Directed by Werner Herzog
France, 2010
Werner Herzog’s hypnotic documentary Cave of Forgotten Dreams begins with a long dolly down a row of farmland. As the camera reaches the end of the row it cranes up, revealing the vast caves of Chauvet sprawling out below.
Herzog’s film not only explores the famous caves in southern France that house the oldest known paintings, but also continues his exploration of the human experience. With this opening shot Herzog lays clear his metaphor: the accessible open area of the farmland just obscuring the mysterious closed area of the cave is as to the shrouded mysteries of human evolution, brimming just below our everyday interaction.

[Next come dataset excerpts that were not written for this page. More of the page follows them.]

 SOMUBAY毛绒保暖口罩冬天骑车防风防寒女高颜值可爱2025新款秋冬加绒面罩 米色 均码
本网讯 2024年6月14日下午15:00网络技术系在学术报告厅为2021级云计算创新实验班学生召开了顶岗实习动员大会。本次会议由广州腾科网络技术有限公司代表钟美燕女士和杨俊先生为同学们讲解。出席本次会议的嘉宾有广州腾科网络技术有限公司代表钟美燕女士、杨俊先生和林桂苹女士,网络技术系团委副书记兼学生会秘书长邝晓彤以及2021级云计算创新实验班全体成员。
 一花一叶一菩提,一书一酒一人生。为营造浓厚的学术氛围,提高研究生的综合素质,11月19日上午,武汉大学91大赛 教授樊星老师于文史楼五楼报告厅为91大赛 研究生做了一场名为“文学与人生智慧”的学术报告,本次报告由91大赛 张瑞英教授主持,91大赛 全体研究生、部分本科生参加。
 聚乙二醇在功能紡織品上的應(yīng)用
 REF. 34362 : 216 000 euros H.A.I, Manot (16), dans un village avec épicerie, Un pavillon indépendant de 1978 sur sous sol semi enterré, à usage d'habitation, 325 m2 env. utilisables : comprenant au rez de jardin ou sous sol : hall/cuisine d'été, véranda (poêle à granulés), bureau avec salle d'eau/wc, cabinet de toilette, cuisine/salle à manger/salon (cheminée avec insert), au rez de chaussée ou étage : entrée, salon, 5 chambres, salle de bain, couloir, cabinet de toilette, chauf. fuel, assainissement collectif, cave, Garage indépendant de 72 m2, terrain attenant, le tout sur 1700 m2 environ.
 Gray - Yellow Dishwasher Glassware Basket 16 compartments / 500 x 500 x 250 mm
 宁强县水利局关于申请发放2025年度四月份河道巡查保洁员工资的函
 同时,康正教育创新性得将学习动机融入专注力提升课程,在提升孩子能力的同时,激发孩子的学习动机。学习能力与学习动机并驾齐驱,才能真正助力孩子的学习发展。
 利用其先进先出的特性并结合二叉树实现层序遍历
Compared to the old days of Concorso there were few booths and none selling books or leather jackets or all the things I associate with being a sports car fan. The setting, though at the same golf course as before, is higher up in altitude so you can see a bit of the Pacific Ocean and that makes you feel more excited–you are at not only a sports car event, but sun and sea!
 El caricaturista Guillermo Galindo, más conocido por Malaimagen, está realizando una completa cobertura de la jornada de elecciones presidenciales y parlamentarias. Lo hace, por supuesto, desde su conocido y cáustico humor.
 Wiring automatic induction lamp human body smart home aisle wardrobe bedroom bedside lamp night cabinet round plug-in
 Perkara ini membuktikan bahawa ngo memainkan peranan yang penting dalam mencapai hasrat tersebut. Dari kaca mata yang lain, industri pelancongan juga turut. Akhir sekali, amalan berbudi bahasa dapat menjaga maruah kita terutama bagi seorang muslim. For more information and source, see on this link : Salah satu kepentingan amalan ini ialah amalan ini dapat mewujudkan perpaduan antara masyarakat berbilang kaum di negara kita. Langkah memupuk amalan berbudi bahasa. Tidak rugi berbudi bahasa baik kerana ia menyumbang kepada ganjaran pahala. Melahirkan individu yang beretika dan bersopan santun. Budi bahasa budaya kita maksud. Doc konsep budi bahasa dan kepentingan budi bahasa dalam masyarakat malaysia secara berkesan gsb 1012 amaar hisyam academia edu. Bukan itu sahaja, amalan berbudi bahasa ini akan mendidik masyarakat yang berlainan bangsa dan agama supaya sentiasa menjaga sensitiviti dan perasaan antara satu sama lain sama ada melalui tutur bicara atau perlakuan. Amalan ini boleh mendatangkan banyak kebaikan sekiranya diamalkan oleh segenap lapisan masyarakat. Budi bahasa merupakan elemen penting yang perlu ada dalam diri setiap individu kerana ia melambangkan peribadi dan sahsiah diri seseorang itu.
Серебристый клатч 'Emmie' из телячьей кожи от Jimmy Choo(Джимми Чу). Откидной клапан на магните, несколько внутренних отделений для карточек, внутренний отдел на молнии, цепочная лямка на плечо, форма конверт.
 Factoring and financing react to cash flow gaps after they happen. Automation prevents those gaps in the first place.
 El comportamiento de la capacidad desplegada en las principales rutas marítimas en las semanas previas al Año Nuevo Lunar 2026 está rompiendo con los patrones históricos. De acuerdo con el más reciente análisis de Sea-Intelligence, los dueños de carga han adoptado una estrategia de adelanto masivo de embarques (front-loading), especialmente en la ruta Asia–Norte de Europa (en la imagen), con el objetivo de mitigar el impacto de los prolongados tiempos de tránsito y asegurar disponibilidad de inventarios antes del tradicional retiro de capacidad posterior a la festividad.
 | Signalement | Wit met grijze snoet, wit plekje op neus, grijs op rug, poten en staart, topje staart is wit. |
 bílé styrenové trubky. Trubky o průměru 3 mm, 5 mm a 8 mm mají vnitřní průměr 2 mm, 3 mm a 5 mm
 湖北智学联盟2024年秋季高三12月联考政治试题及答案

A combination of musically motivated cave sequences, Herzog’s signature philosophical voiceover, and interviews with a motley crew of those involved with the cave (a former circus juggler, a perfumer, an “experimental” explorer), the documentary is less National Geographic than SyFy Channel.
Like his previous documentaries, Grizzly Man, Lessons in Darkness, The Wheel of Time, Herzog is less interested in the obvious point of interest – the paintings themselves in this case – as he is in the people surrounding it. Alongside one of the scientists exploring the cave Herzog becomes fascinated with the idea of one of the ancient painters. Through scientific process and via his camera, Herzog tracks the movement of the man, putting the viewer in his position. The effect is a spellbinding trek through the caves where past and present are merged.
Not unlike the famous penguin sequence in Encounters at the End of the World, Herzog ends Cave with a postscript focusing on a pair of albino alligators. The images are close-up and eerie. Herzog’s own voiceover in this final section brings everything to its conclusion and relates these “mutant animals” back to the cave dwellers, implying an odd, almost supernatural circle of life.
Cave of Forgotten Dreams is dreamlike, fascinating and unmistakably Herzogian. It continues the director’s search for the hidden things in life, whether those things be just below a farm, or back in an unknown and unreachable past.